O poder da palavra: sem ela não nos conectaríamos com o que há e também para dizer o que não há. Precisamos das palavras para expressar o que surge, o que brota e o que se vai e se esvai.
As coisas todas em seu ser convidam e permitem que delas se fale. Considere isso: quem delas fala, quem exprime os seres em seu vigor?
Isso se dá por nossa ação, nosso fazer e nossas técnicas que transformam o natural em instrumentos. Mas, para além da eficácia da técnica, há algo mais essencial, as palavras que fixam os seres, que lhes dão vida e sentido.
Há um lado, digamos, "interesseiro", raso, calculista. E há o lado essencial, o de nós, seres humanos que habitamos a casa de tudo o quanto existe, a casa do ser, como diz Heidegger. Qual é a casa do ser? A linguagem. Não linguagem no sentido lógico ou gramatical, e sim linguagem tanto no sentido cotidiano e habitual, como no sentido absoluto que é quando o dizer se torna poesia. A poesia é vasta, mágica, transforma o que não está ainda aí, traz à presença certa plenitude, um vigor.
O dizer poético não é aquele que chama atenção facilmente, literalmente, não atrai à primeira vista, nem é um vislumbre estético passageiro.
O dizer poético é uma experiência, uma harmonia que a força da palavra traduz, uma novidade, um caminho conduzido pela linguagem, uma vereda, um modo de ver, uma rara abertura para o ser.
Encontrar a palavra disponível para apresentar o ser, é a isso que o poeta nos convida.
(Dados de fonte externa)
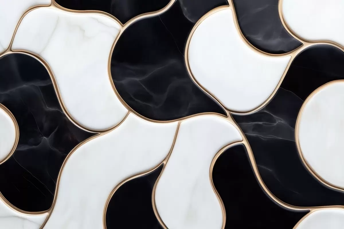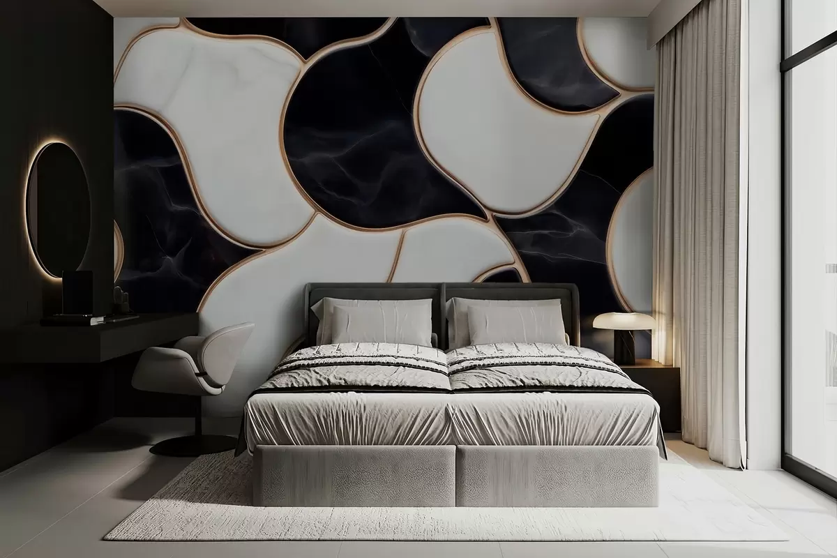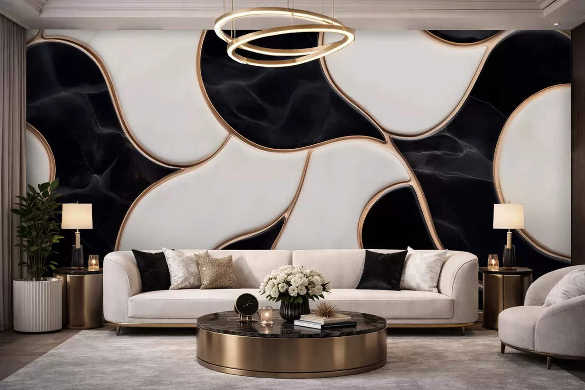 Murais de parede Imitacão abstrata de uma composição em mármore em tons de preto e branco com linhas amarelas Nr. w09733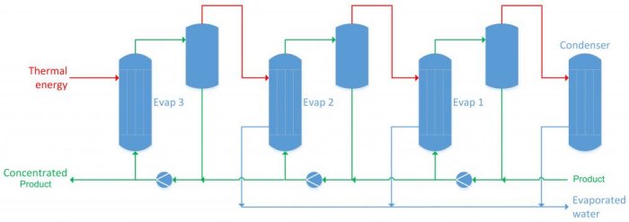 These systems combine various evaporation stages. The vapor obtained from a previous stage is used as the thermal energy source for the resulting stage. Multiple stages can be combined to reduce the energy consumption needed for the amount of water evaporated.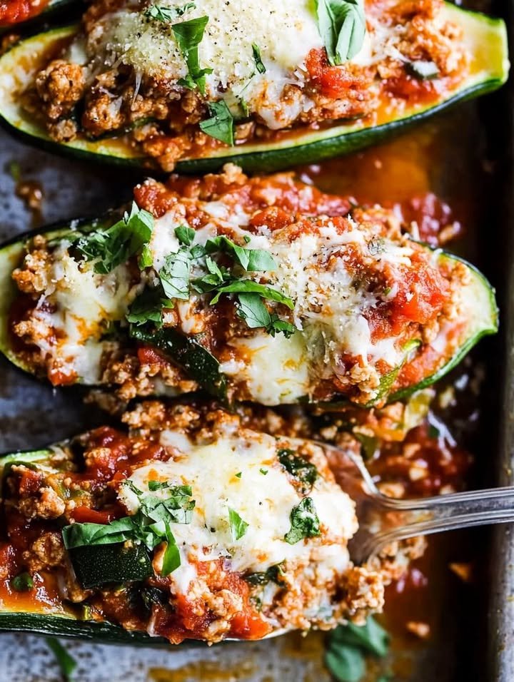 Lasagna Stuffed Zucchini Boats Ingredients: 1 lb ground chicken 1 red bell pepper, diced 24 oz marinara sauce 8 oz ricotta cheese 1 1/2 cups spinach, chopped 4 garlic cloves, …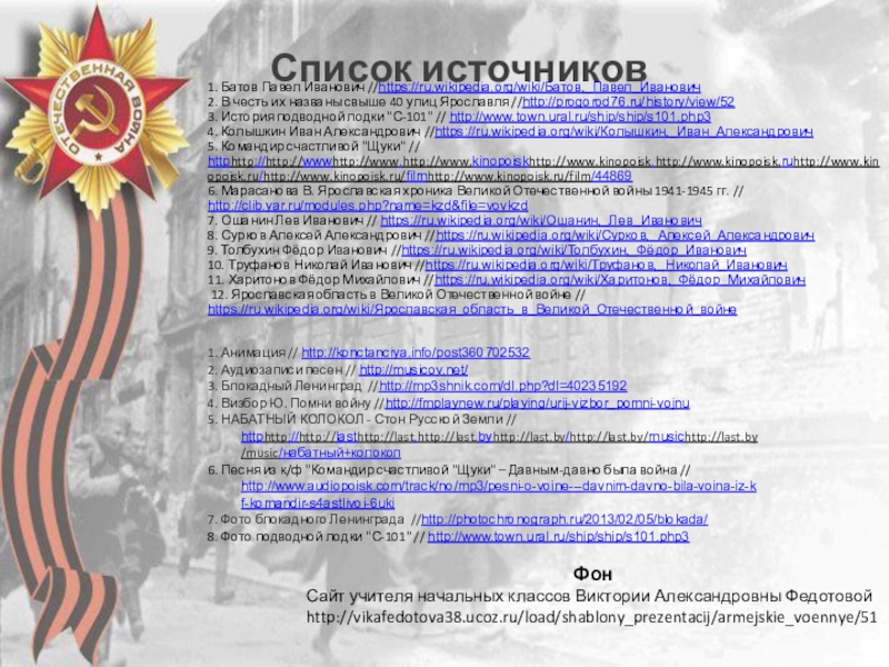 6. Песня из к/ф "Командир счастливой "Щуки" – Давным-давно была война // http://www.audiopoisk.com/track/no/mp3/pesni-o-voine---davnim-davno-bila-voina-iz-kf-komandir-s4astlivoi-6uki
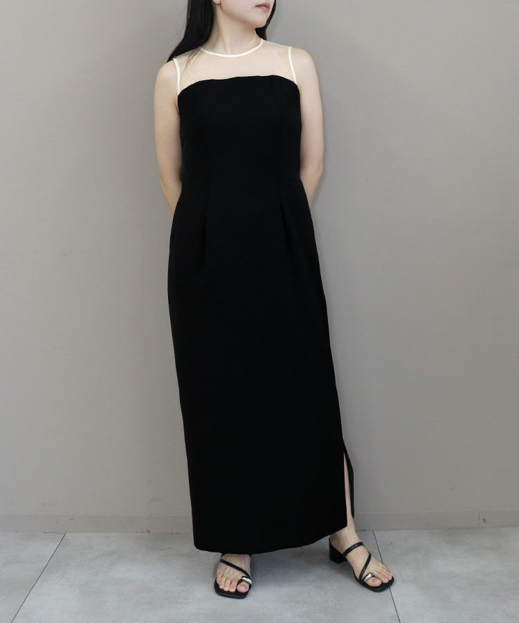 デコルテのほどよいシアー感が抜けをつくり洗練された印象に。
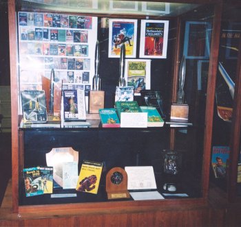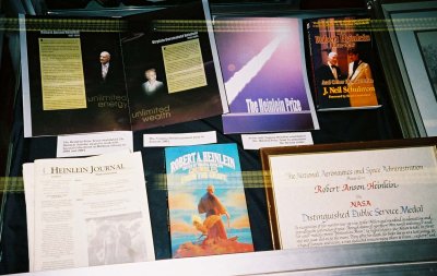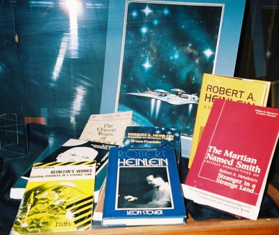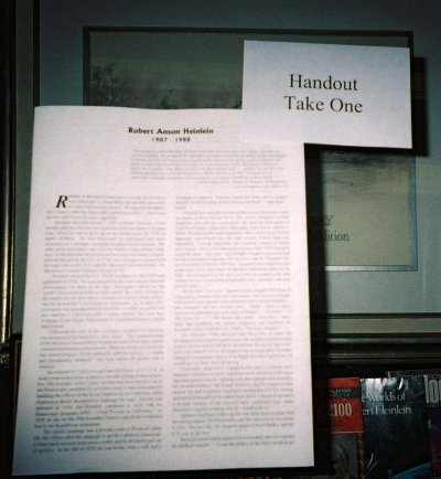 I prepared a four-page short biography and list of Heinlein's works as a handout for the display -- something people could take away and read later.

A canção popular, por vezes, atinge esse dizer mágico, traduz aquela abertura:
"É tão difícil olhar o mundo e ver
O que ainda existe
Pois sem você meu mundo é diferente
Minha alegria é triste"
(Erasmo e Roberto Carlos)
Como pode alegria ser triste?! Esse oxímoro ou paradoxo assume um novo sentido, não é paradoxal que a antiga alegria se tenha transformado em tristeza, e que atualmente seja uma triste alegria. Sob o olhar do poeta."Deixe-me ir, preciso andar, vou por aí a procurar; rir pra não chorar ...
Quero assistir ao sol nascer; ver as águas dos rios correr; ouvir os pássaros cantar; eu quero nascer; quero viver.
Cartola e tantos outros compositores traduzem, criam e transformam vivências e percepções: "eu quero nascer"...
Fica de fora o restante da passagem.